In the data below, one line contains "Riproduzione fotografica di" and a later one contains "Robinet à boisseau". Print both, with every line between them, exactly and alone.

# Given data:
####

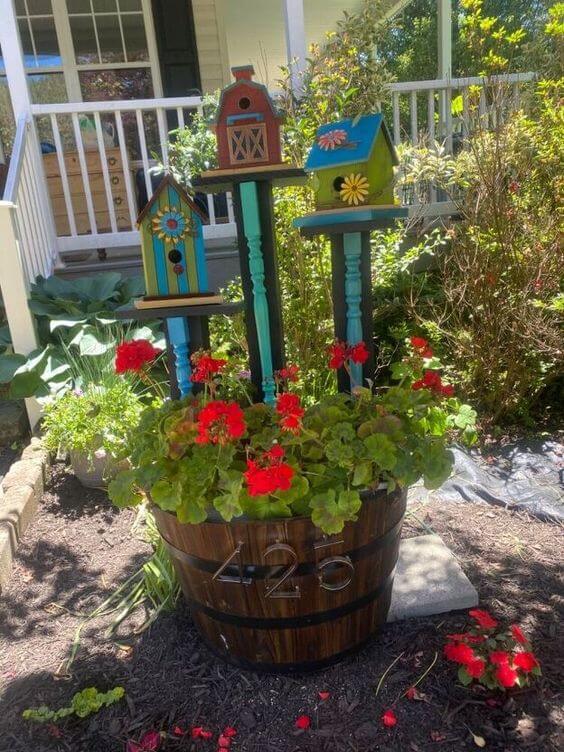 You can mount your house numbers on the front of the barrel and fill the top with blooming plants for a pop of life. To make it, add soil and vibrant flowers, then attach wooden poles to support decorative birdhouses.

####

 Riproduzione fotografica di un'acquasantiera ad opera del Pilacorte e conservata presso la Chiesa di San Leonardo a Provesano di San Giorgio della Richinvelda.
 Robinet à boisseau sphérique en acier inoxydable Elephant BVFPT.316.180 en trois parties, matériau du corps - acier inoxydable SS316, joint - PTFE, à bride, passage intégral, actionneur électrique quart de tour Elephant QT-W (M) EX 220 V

####

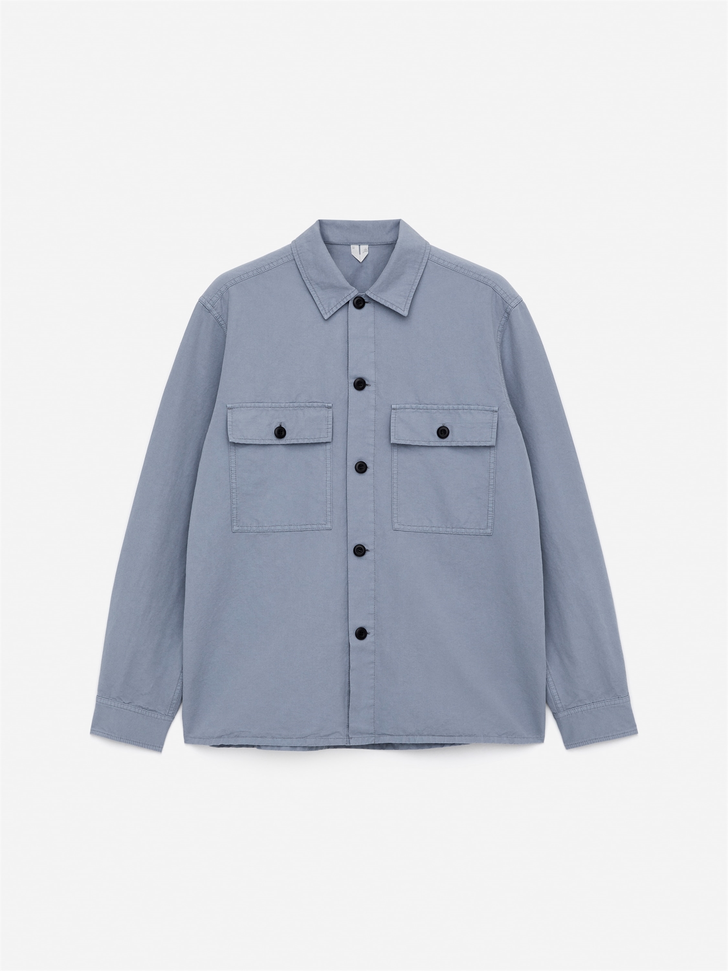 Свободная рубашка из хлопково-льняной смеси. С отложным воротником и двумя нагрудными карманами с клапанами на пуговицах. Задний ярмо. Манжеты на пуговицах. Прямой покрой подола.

####

# Written response:
 Riproduzione fotografica di un'acquasantiera ad opera del Pilacorte e conservata presso la Chiesa di San Leonardo a Provesano di San Giorgio della Richinvelda.
 Robinet à boisseau sphérique en acier inoxydable Elephant BVFPT.316.180 en trois parties, matériau du corps - acier inoxydable SS316, joint - PTFE, à bride, passage intégral, actionneur électrique quart de tour Elephant QT-W (M) EX 220 V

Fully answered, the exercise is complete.